Of course, I’m not suggesting that we can control everything around us.  We don’t control our circumstances, and some would say (not incorrectly) that we should let the Holy Spirit control our lives.  However, we do control how much we listen to and follow the voices that offer to direct us.  Both evil forces and God want to claim us for their own, but the devil wants to take souls away from righteousness to their own destruction (or sometimes, simply to make them ineffective) out of hate.  In stark contrast, God wants to rescue souls to a perfect, abundant, incredible relationship with Himself (out of His love for us).

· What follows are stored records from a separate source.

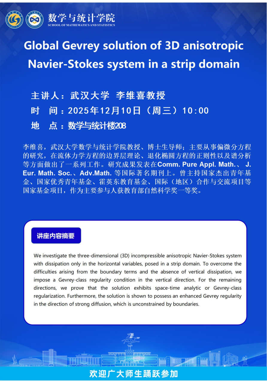 武汉大学 李维喜教授-Global Gevrey solution of 3D anisotropic Navier-Stokes system in a strip domain 发布日期:2025-12-09
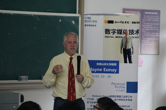 2014年与UVU的交换生项目及其培养计划。最后,Esmay教授为我们展示了他们学校学生的许多动画、游戏的作品,在场的学生无不侧耳倾听,记下了教授宝贵的经验之言。
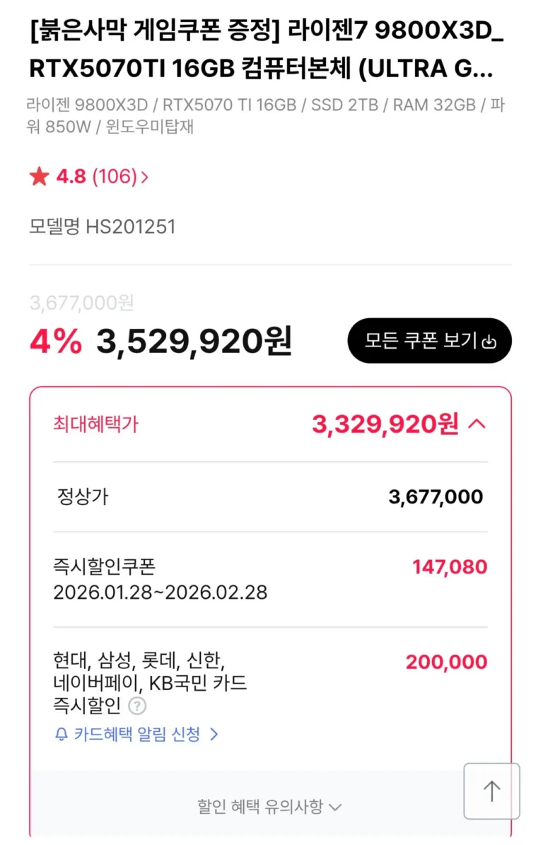 [Toàn thân] 9800X3D + 5070Ti + D5 32GB + 2TB (TLC, DRAM o)
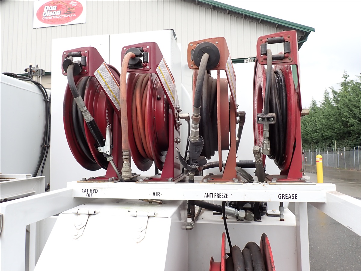 S/A FUEL LUBE TRUCK, CUMMINS ISB250, 6 SPD, INGERSOLL RAND AIR COMPRESSOR W/HONDA, 750 GALLON OFF ROAD DIESEL TANK, AUX ON ROAD FUEL TANK, (5) PRODUCT TANKS, GREASE BARREL, WASTE OIL RECOVERY SYSTEM, HOSE REELS, DISPENSERS, METERS, AIR BRAKE, 33,000 GVW
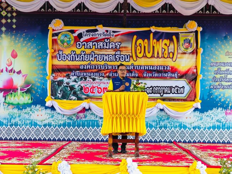 เมื่อวันที่ 15 กรกฎาคม 2567 องค์การบริหารส่วนตำบลหนองแวง จัดโครงการจัดตั้งอาสาสมัครป้องกันภัยฝ่ายพลเรือน (อปพร.) ประจำปีงบประมาณ พ.ศ. 2567 ได้รับเกียรติจาก นายวิชาญ อิทธิฤกษ์มงคล นายอำเภอสมเด็จ เป็นประธานในพิธีเปิด นายนิยม โยหาสิทธิ์ ผู้อำนวยการศูนย์ อปพร. องค์การบริหารส่วนตำบลหนองแวง ส.ต.ท.บุญมี เนืองนันท์ ปลัดองค์การบริหารส่วนตำบลหนองแวง พร้อมด้วยสมาชิกอาสาสมัครป้องกันภัยฝ่ายพลเรือนเข้าร่วมโครงการ เพื่อให้ อปพร. เข้าใจบทบาท ภารกิจหน้าที่ และสิทธิตามกฎหมาย ของตนเองอย่างถูกต้อง ณ องค์การบริหารส่วนตำบลหนองแวง อำเภอสมเด็จ จังหวัดกาฬสินธุ์
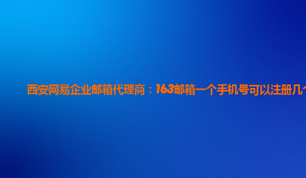 2024-03-01西安网易企业邮箱代理商:163邮箱一个手机号可以注册几个 作为西安地区的网易企业邮箱代理商,我们经常接到关于一个手机号能注册几个163邮箱账号的咨询。今天我们就来为大家解答这个问题,并结合网易...
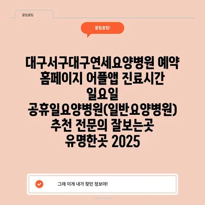대구서구대구연세요양병원 예약 홈페이지 어플앱 진료시간 일요일 공휴일요양병원(일반요양병원) 추천 전연락 잘보는곳 유명한곳 2025 에 대해 자주 묻는 질문 TOP 5
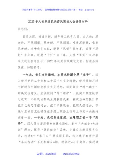 / 2025年人社系统机关作风建设大会讲话材料
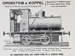 10. ^ Derek A. Bayliss: The Origins of Orenstein & Koppel. The Industrial Railway Record. No 47, April 1973, p. 27-32.
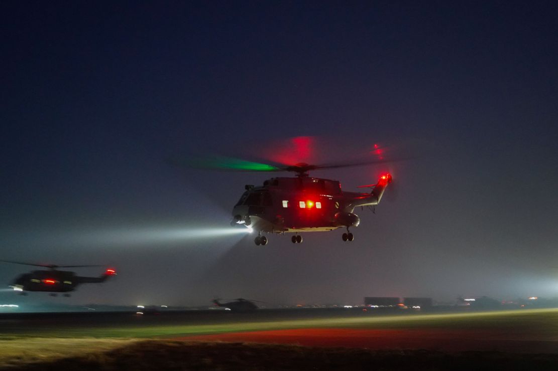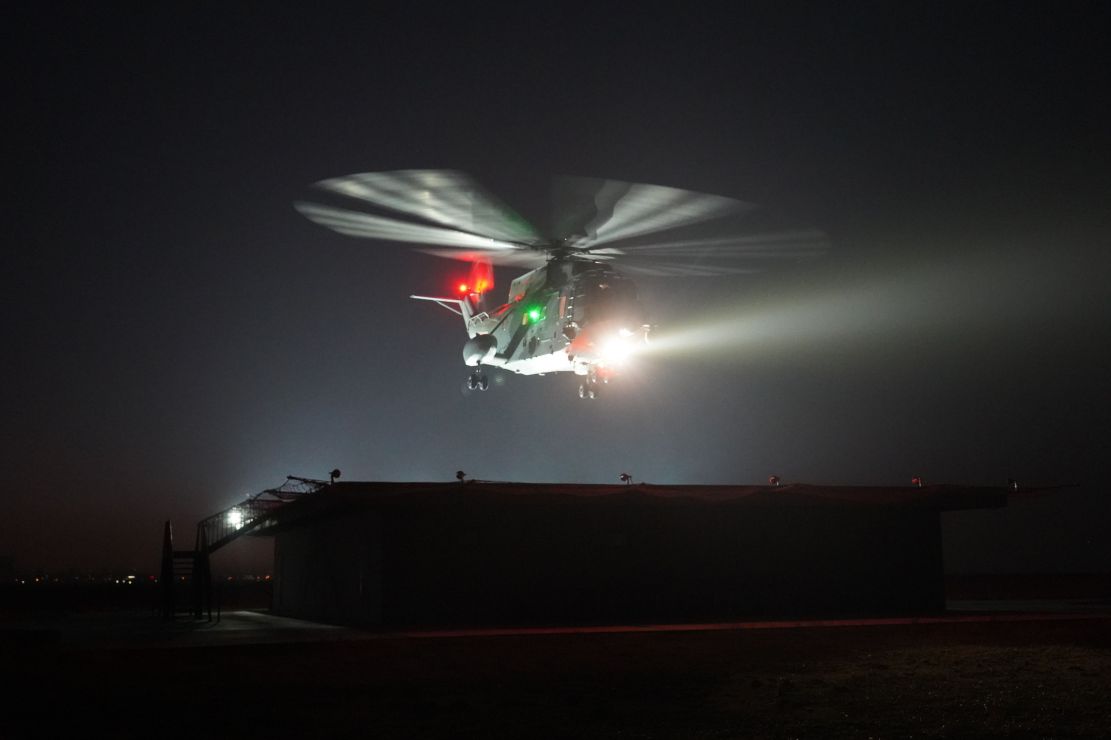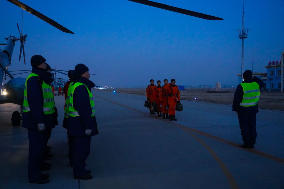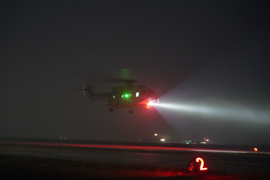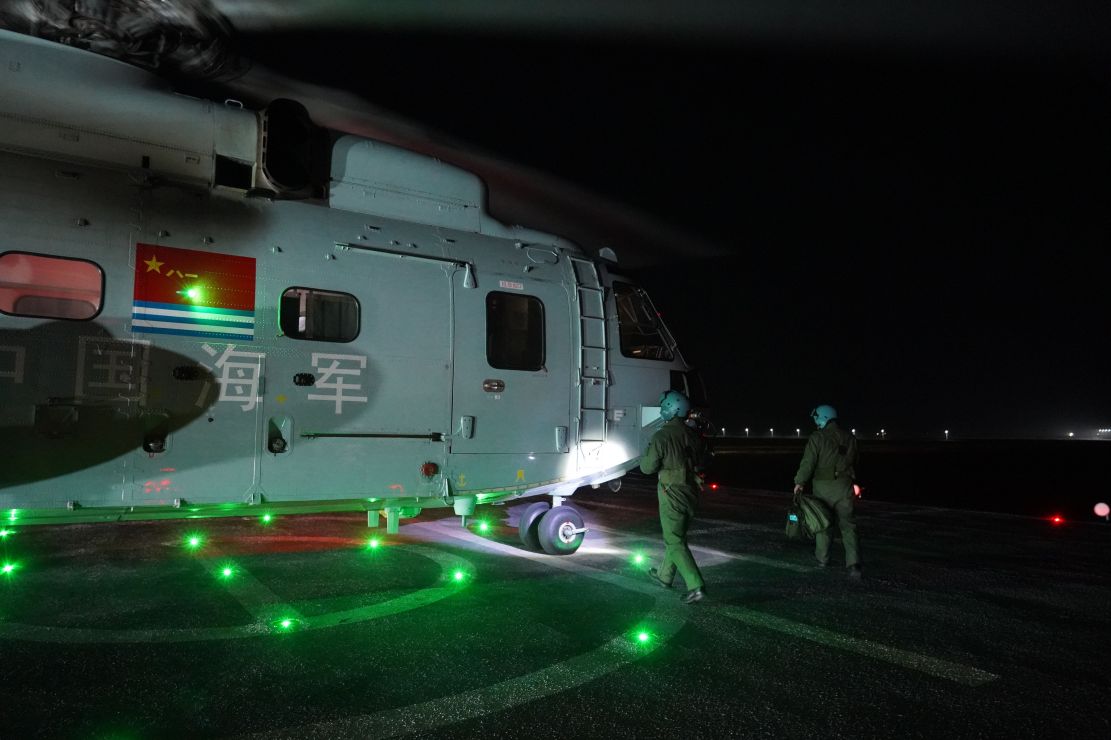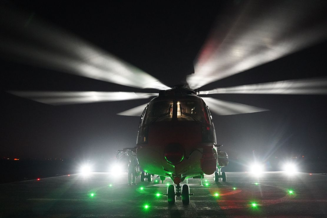 接近着陆点,打开着陆灯,明亮的灯光在黑夜中照亮前进航向,数架直升机抵达悬停点稳定悬停。另一侧起降平台上,飞行员围绕直升机仔细检查,确保无跑冒滴漏等安全隐患,寒夜练兵场迅速掀起火热“练兵潮”。

For those around us who need help to get things under control, may we be loving and considerate in how we treat them, so that they can succeed.  In our own daily walk with Jesus, though, let us actively take control of our personal fight against sinful forces that would pull us away from a better life.  Cain made the wrong choice, but we should be able to do better.


Scripture quotations taken from the NASB. Copyright by The Lockman Foundation.

  1. I’m not much of a swimmer, but I was walking in moderate-depth water one time and got pulled into a riptide.  It’s an unusually alarming phenomenon.